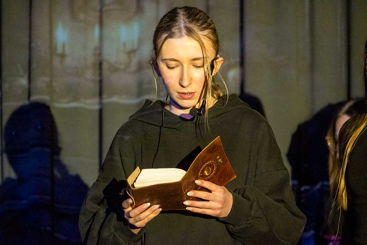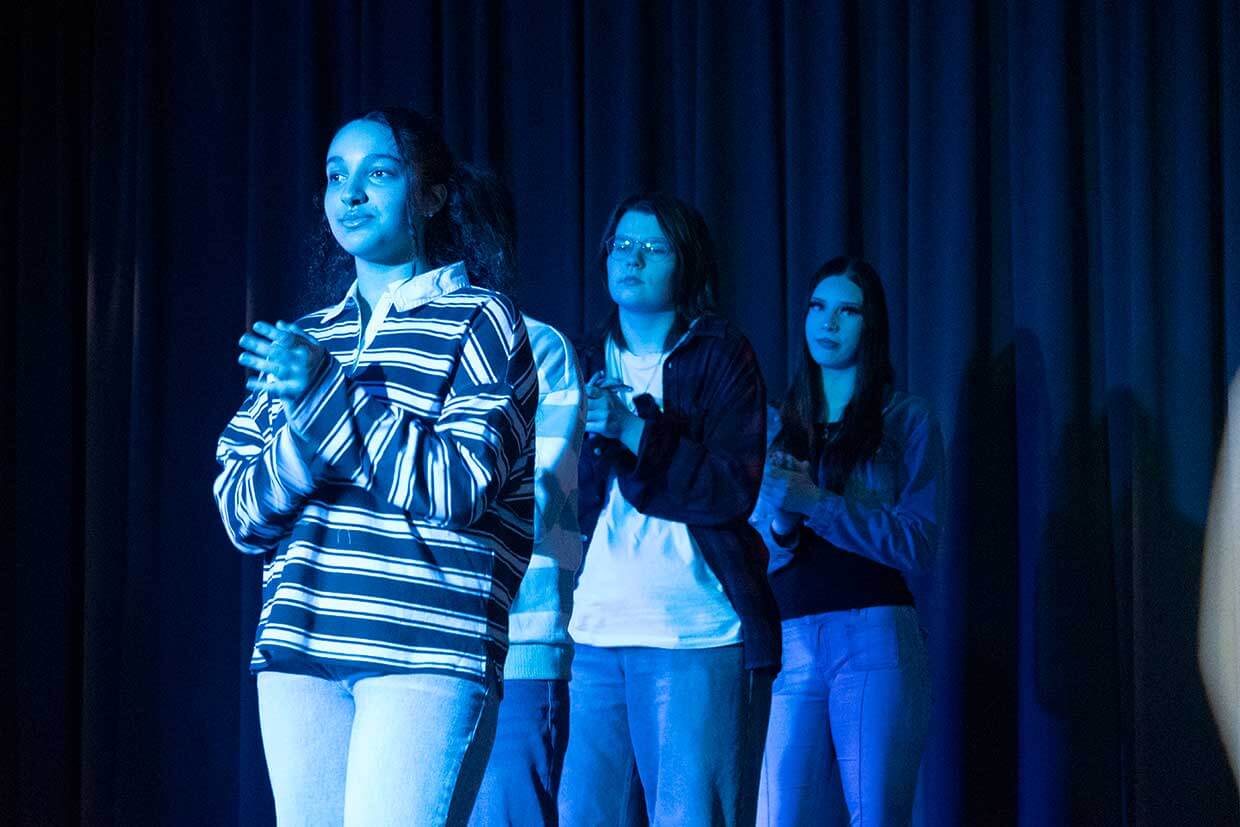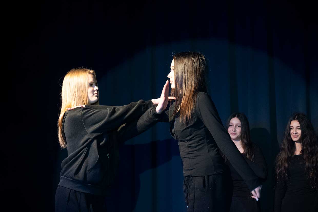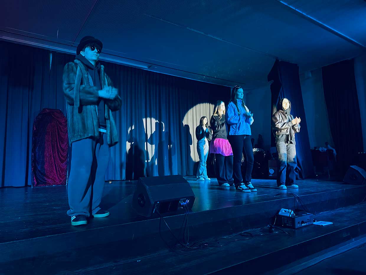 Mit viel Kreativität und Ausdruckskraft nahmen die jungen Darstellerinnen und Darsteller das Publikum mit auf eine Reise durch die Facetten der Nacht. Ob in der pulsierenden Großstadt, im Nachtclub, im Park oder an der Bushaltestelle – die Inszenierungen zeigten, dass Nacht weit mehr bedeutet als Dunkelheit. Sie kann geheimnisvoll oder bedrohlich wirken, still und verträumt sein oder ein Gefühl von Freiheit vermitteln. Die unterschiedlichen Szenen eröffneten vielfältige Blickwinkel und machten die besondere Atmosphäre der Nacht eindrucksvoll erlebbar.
* * *
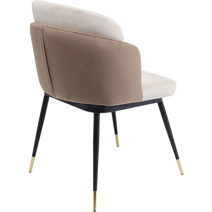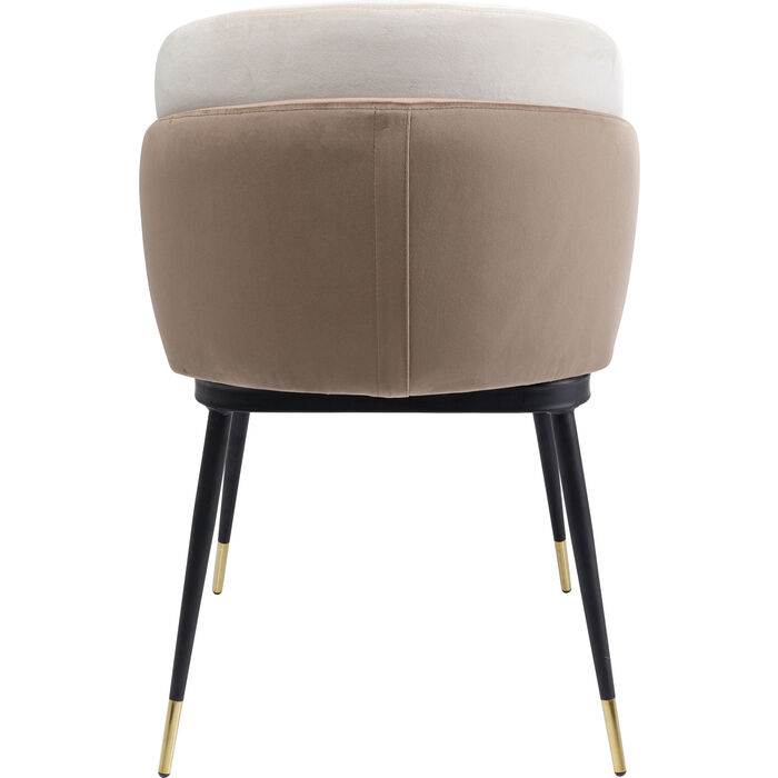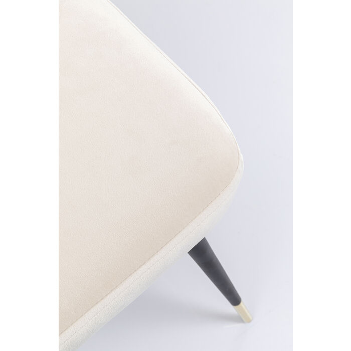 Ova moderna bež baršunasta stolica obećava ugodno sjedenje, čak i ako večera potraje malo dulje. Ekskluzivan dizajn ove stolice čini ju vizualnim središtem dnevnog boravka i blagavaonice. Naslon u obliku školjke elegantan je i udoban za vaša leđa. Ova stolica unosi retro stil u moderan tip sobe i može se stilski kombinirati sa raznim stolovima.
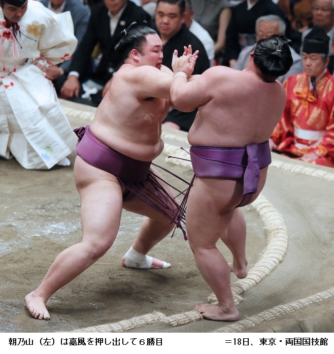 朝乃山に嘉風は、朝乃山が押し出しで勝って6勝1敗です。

_Exercise_
Beginning with the line that contains "Ova moderna bež" and ending with the line that contains "朝乃山に嘉風は、朝乃山が押し出しで勝って6勝1敗です。", reproduce the listing exactly, pictures excluded.

_Result of this task_
 Ova moderna bež baršunasta stolica obećava ugodno sjedenje, čak i ako večera potraje malo dulje. Ekskluzivan dizajn ove stolice čini ju vizualnim središtem dnevnog boravka i blagavaonice. Naslon u obliku školjke elegantan je i udoban za vaša leđa. Ova stolica unosi retro stil u moderan tip sobe i može se stilski kombinirati sa raznim stolovima.
 朝乃山に嘉風は、朝乃山が押し出しで勝って6勝1敗です。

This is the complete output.